## WHAT YOU WILL DO:
The material below should be copied line for line, please, with pictures omitted.

## SOURCE DATA:
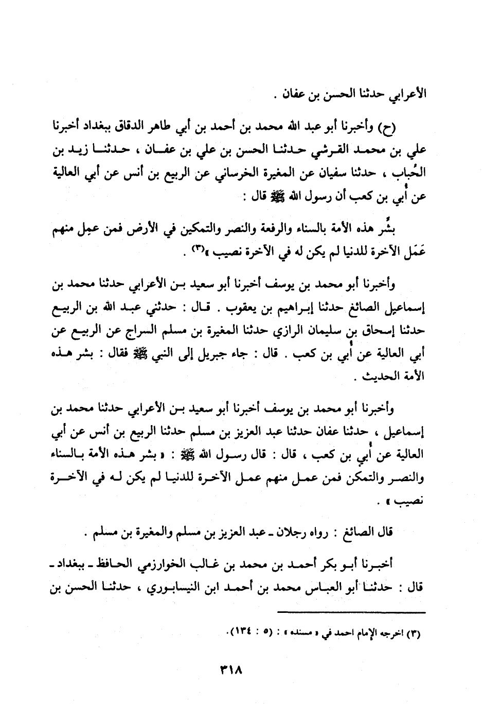 (ح) وأَخْبَرَنَا أَبُو عَبْدِ اللهِ مُحَمَّدُ بْنُ أَحْمَدَ بْنِ أَبِي طَاهِرٍ الدَّقَّاقُ بِبَغْدَادَ أَخْبَرَنَا عَلِيُّ بْنُ مُحَمَّدٍ الْقُرَشِيُّ حَدَّثَنَا الْحَسَنُ بْنُ عَلِيِّ بْنِ عَفَّانَ، حَدَّثَنَا زَيْدُ بْنُ الْحُبَابِ، حَدَّثَنَا سُفْيَانُ عَنِ الْمُغِيرَةِ الْخُرْسَانِيِّ عَنِ الرَّبِيعِ بْنِ أَنَسٍ عَنْ أَبِي الْعَالِيَةِ عَنْ أُبَيِّ بْنِ كَعْبٍ أَنَّ رَسُولَ اللهِ صَلَّى اللهُ عَلَيْهِ وَسَلَّمَ قَالَ: بَشِّرْ هَذِهِ الْأُمَّةَ بِالسَّنَاءِ وَالرِّفْعَةِ وَالنَّصْرِ وَالتَّمْكِينِ فِي الْأَرْضِ فَمَنْ عَمِلَ مِنْهُمْ عَمَلَ الْآخِرَةِ لِلدُّنْيَا لَمْ يَكُنْ لَهُ فِي الْآخِرَةِ نَصِيبٌ» [ (3) ] .
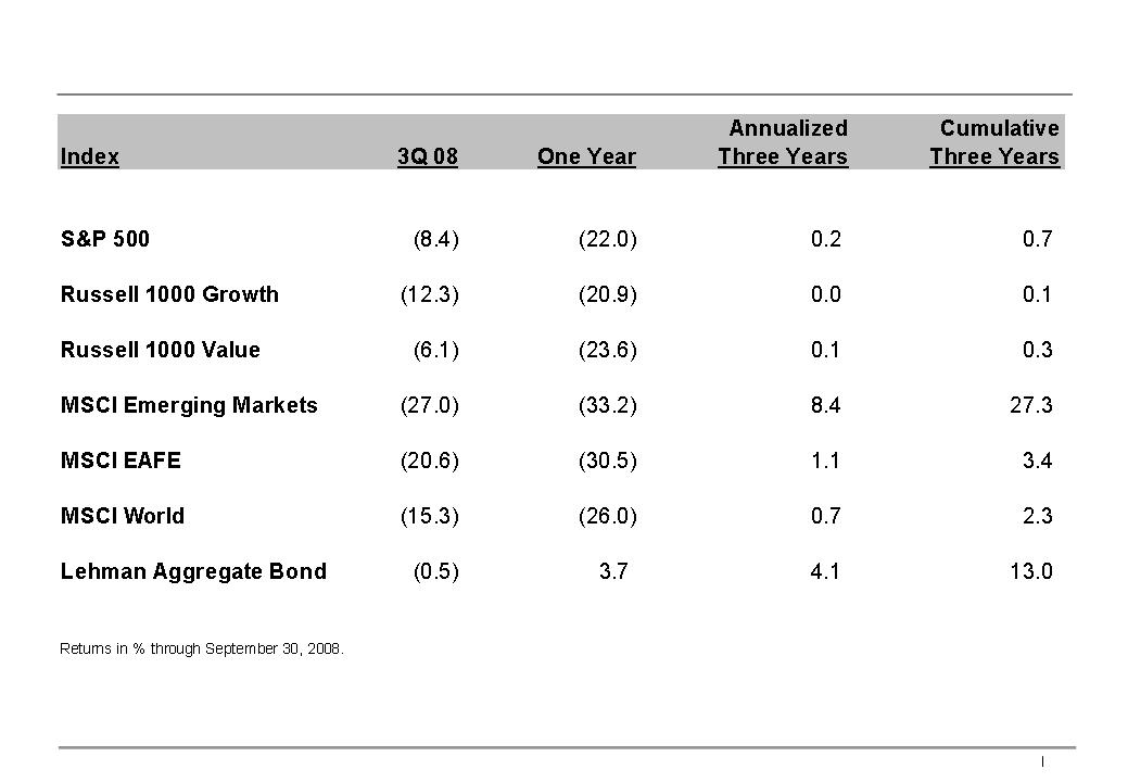 third quarter of 2008, exceptionally turbulent capital market conditions led to
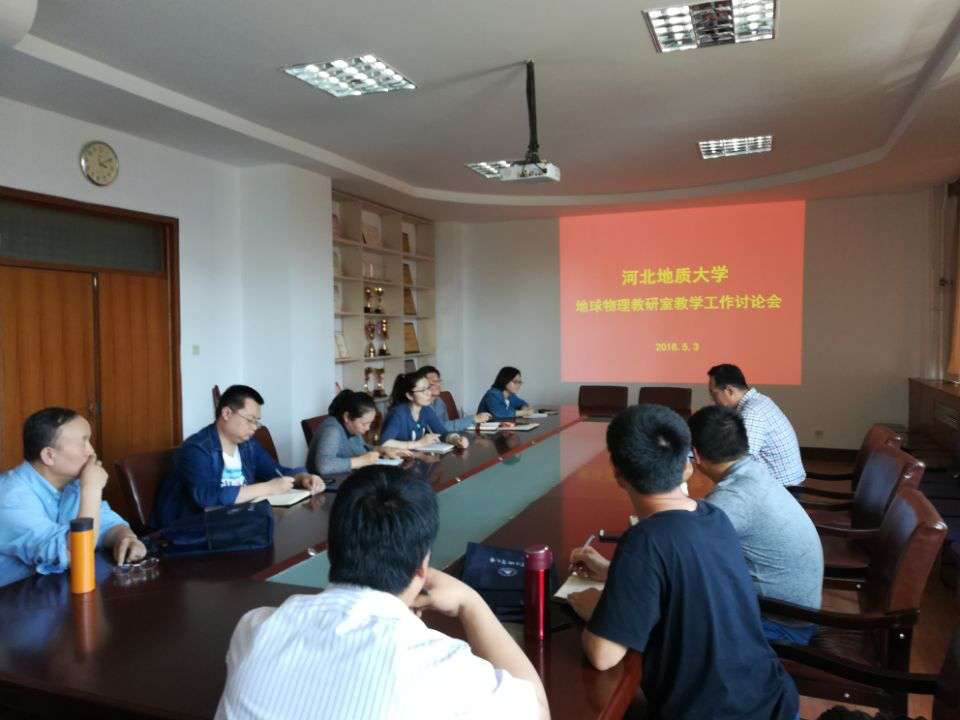 2018年5月3日下午,地球物理教研室主任曹静杰老师召开地球物理教研室专业教学工作讨论会。参会的老师有:孟庆鑫、贾学民、杨歧焱等11名地球物理专业的老师。
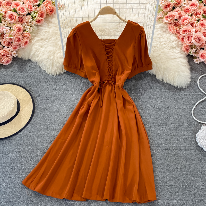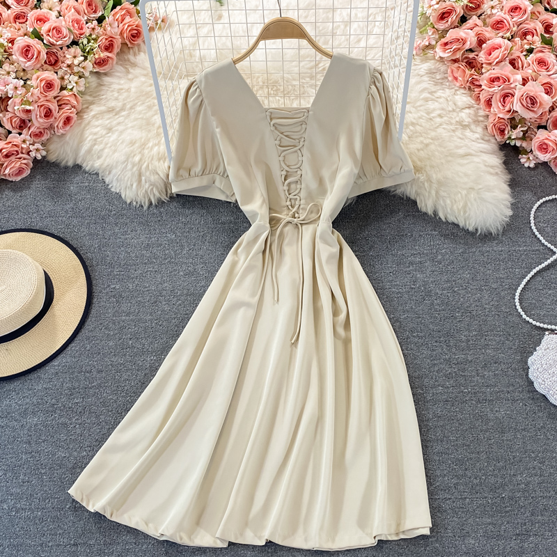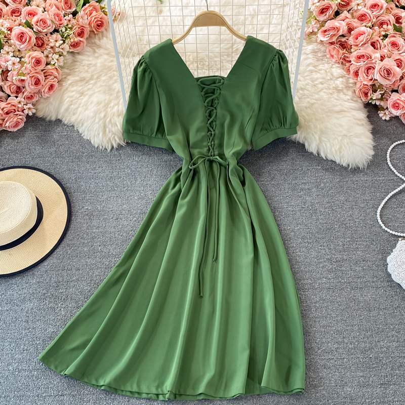 Cheap Dresses, Buy Quality Women’s Clothing Directly from China Suppliers:Vintage Green/Beige/Brown Drawstring Dress Women Elegant Square Collar Short Sleeve High Waist A Line Vestidos Summer Robe
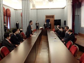 全国高等学校駅伝競走大会出場校の表敬訪問(正庁の間)(田中議長、
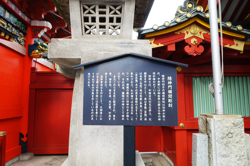 随神門四方の欄間彫刻は四神が彫られ、中央部には御祭神大國主之命の神話が描かれている。
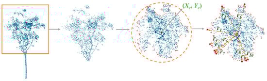(2) For trees whose trunk points at breast height are sparse and cannot depict the profile of the trunk, all trunk points are employed to measure DBH. Trunk points are segmented vertically with a proper spacing, 0.2 m to 0.4 m. Points in each segment would be projected onto the horizontal plane and a fitted circle would be formed for the points in the segment. The average of diameters of all circles is DBH (Equation (10)).

## OUTPUT:
 (ح) وأَخْبَرَنَا أَبُو عَبْدِ اللهِ مُحَمَّدُ بْنُ أَحْمَدَ بْنِ أَبِي طَاهِرٍ الدَّقَّاقُ بِبَغْدَادَ أَخْبَرَنَا عَلِيُّ بْنُ مُحَمَّدٍ الْقُرَشِيُّ حَدَّثَنَا الْحَسَنُ بْنُ عَلِيِّ بْنِ عَفَّانَ، حَدَّثَنَا زَيْدُ بْنُ الْحُبَابِ، حَدَّثَنَا سُفْيَانُ عَنِ الْمُغِيرَةِ الْخُرْسَانِيِّ عَنِ الرَّبِيعِ بْنِ أَنَسٍ عَنْ أَبِي الْعَالِيَةِ عَنْ أُبَيِّ بْنِ كَعْبٍ أَنَّ رَسُولَ اللهِ صَلَّى اللهُ عَلَيْهِ وَسَلَّمَ قَالَ: بَشِّرْ هَذِهِ الْأُمَّةَ بِالسَّنَاءِ وَالرِّفْعَةِ وَالنَّصْرِ وَالتَّمْكِينِ فِي الْأَرْضِ فَمَنْ عَمِلَ مِنْهُمْ عَمَلَ الْآخِرَةِ لِلدُّنْيَا لَمْ يَكُنْ لَهُ فِي الْآخِرَةِ نَصِيبٌ» [ (3) ] .
 third quarter of 2008, exceptionally turbulent capital market conditions led to
 2018年5月3日下午,地球物理教研室主任曹静杰老师召开地球物理教研室专业教学工作讨论会。参会的老师有:孟庆鑫、贾学民、杨歧焱等11名地球物理专业的老师。
 Cheap Dresses, Buy Quality Women’s Clothing Directly from China Suppliers:Vintage Green/Beige/Brown Drawstring Dress Women Elegant Square Collar Short Sleeve High Waist A Line Vestidos Summer Robe
 全国高等学校駅伝競走大会出場校の表敬訪問(正庁の間)(田中議長、
 随神門四方の欄間彫刻は四神が彫られ、中央部には御祭神大國主之命の神話が描かれている。
(2) For trees whose trunk points at breast height are sparse and cannot depict the profile of the trunk, all trunk points are employed to measure DBH. Trunk points are segmented vertically with a proper spacing, 0.2 m to 0.4 m. Points in each segment would be projected onto the horizontal plane and a fitted circle would be formed for the points in the segment. The average of diameters of all circles is DBH (Equation (10)).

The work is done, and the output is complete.